- **Data under study**:
* * * * *

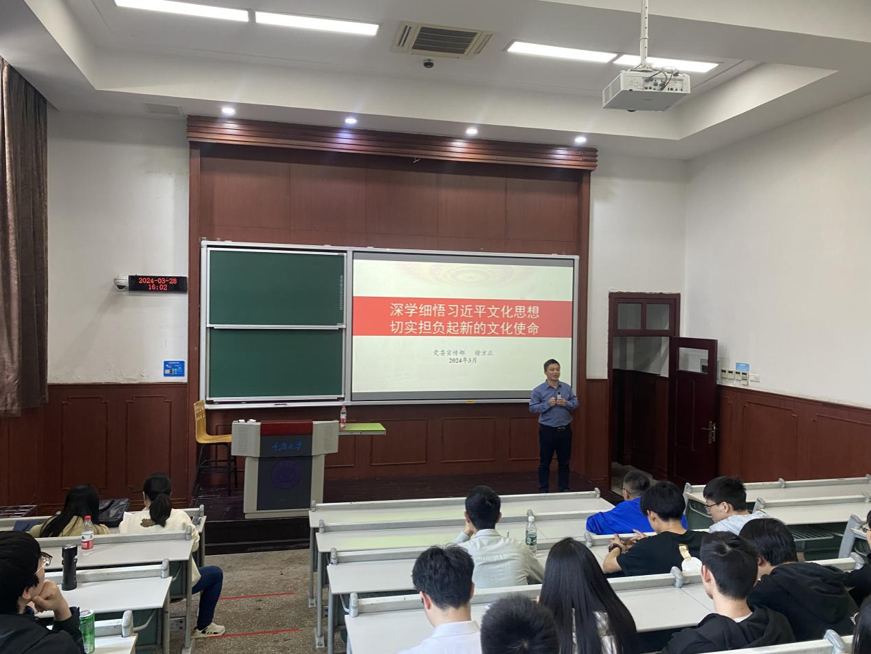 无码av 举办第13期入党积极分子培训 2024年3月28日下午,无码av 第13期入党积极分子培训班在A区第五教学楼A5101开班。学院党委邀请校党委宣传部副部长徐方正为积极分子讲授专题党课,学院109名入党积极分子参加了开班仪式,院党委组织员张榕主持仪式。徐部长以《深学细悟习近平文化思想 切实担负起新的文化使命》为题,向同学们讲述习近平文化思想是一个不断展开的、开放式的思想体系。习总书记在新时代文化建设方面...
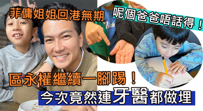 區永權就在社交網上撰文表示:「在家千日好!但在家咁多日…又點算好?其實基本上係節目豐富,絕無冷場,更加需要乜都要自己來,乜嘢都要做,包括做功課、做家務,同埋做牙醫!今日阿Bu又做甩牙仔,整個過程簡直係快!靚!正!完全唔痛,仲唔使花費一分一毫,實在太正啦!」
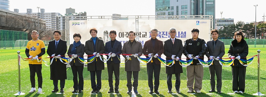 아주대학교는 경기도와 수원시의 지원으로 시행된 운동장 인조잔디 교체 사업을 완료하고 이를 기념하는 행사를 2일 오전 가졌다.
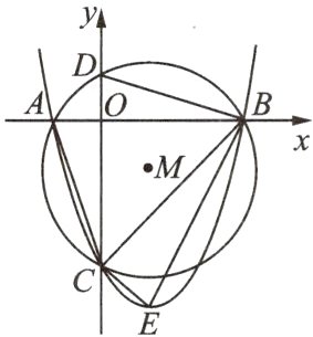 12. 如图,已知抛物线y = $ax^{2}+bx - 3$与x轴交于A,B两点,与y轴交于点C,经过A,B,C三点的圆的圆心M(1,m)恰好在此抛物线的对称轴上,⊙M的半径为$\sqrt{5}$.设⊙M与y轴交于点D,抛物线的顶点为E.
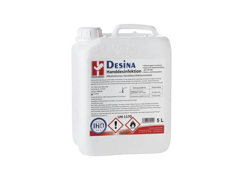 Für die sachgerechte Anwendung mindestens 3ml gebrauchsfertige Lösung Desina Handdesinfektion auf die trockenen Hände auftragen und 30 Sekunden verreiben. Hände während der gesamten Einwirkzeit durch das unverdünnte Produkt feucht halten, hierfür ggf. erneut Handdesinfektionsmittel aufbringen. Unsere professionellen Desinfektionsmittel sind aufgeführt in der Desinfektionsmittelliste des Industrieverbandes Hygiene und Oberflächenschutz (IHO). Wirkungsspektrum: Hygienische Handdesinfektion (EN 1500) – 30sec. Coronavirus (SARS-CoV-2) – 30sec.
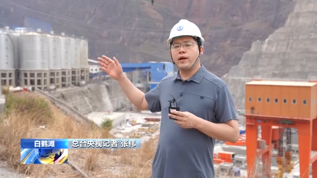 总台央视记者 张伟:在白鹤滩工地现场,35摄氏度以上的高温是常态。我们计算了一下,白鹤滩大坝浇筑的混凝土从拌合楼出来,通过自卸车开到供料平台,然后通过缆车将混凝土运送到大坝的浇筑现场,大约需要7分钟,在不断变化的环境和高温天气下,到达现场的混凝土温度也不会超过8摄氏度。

* * * * *

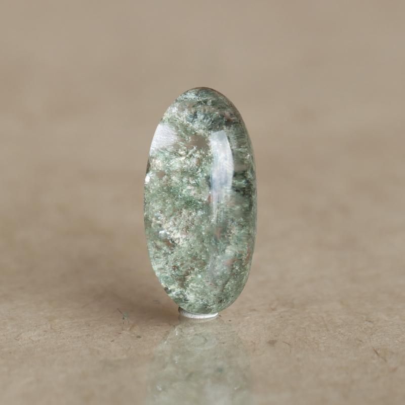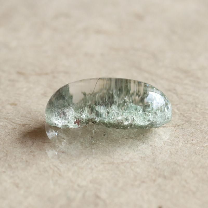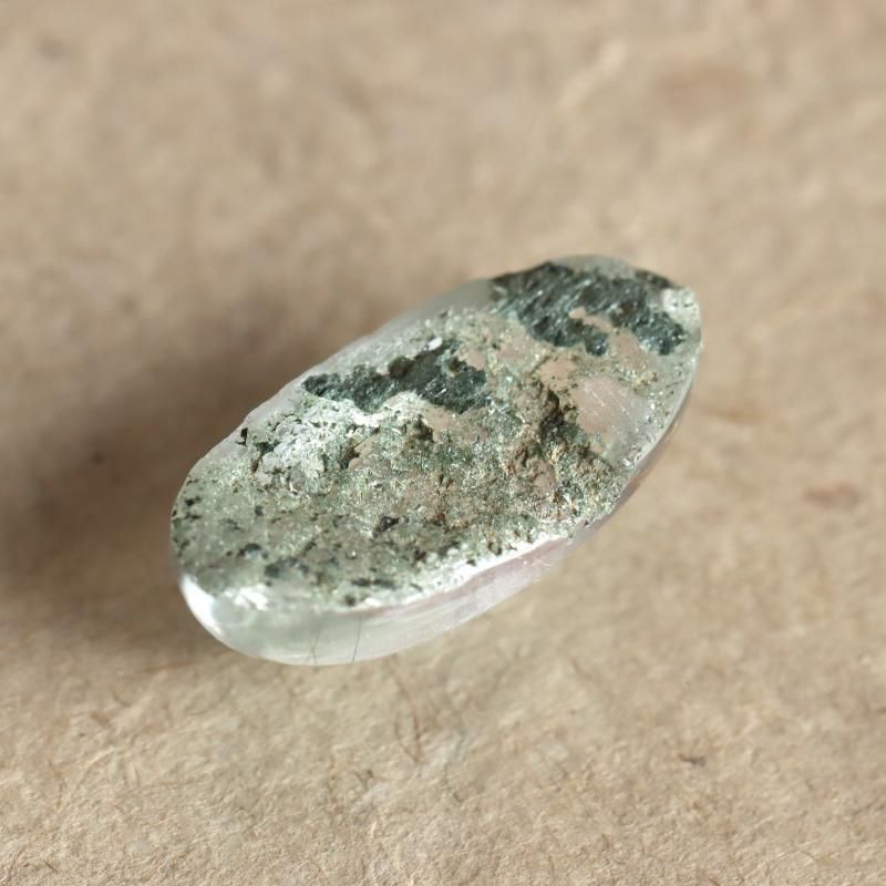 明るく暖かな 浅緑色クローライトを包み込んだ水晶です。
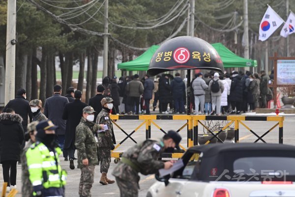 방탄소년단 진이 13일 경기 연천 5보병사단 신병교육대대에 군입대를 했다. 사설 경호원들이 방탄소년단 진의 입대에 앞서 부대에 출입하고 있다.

* * * * *

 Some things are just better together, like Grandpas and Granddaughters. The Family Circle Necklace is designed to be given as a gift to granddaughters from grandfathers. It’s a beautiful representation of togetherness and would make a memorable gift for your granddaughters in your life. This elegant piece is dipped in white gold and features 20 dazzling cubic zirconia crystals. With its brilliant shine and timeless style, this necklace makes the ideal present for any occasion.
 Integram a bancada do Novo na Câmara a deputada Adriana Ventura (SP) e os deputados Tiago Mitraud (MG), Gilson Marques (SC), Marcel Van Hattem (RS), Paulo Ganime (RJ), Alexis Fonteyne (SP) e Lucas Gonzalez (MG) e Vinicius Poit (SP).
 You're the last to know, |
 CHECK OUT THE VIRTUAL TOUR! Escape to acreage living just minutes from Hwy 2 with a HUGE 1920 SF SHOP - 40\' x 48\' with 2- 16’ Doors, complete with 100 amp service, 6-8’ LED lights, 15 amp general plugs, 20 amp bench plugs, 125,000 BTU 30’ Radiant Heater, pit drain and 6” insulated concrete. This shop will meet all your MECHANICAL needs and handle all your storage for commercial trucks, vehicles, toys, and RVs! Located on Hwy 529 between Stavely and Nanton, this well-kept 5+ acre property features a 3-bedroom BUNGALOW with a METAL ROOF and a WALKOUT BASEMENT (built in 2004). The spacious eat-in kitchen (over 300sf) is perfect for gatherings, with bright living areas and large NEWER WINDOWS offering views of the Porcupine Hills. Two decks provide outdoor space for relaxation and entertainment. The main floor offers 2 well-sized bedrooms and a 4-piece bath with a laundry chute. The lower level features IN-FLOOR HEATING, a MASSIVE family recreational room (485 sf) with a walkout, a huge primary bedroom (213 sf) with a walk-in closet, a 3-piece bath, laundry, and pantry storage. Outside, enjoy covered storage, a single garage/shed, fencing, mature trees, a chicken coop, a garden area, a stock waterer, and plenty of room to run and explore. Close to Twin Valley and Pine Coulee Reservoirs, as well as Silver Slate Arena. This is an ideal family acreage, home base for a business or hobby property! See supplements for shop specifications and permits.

* * * * *

- **Goal of the exercise**: Reproduce exactly the lines above starting at the line containing "无码av 举办第13期入党积极分子培训 2024年3月28日下午,无码av" and ending at the line containing "區永權就在社交網上撰文表示:「在家千日好", including both, but not the pictures.

- **Task output**:
 无码av 举办第13期入党积极分子培训 2024年3月28日下午,无码av 第13期入党积极分子培训班在A区第五教学楼A5101开班。学院党委邀请校党委宣传部副部长徐方正为积极分子讲授专题党课,学院109名入党积极分子参加了开班仪式,院党委组织员张榕主持仪式。徐部长以《深学细悟习近平文化思想 切实担负起新的文化使命》为题,向同学们讲述习近平文化思想是一个不断展开的、开放式的思想体系。习总书记在新时代文化建设方面...
 區永權就在社交網上撰文表示:「在家千日好!但在家咁多日…又點算好?其實基本上係節目豐富,絕無冷場,更加需要乜都要自己來,乜嘢都要做,包括做功課、做家務,同埋做牙醫!今日阿Bu又做甩牙仔,整個過程簡直係快!靚!正!完全唔痛,仲唔使花費一分一毫,實在太正啦!」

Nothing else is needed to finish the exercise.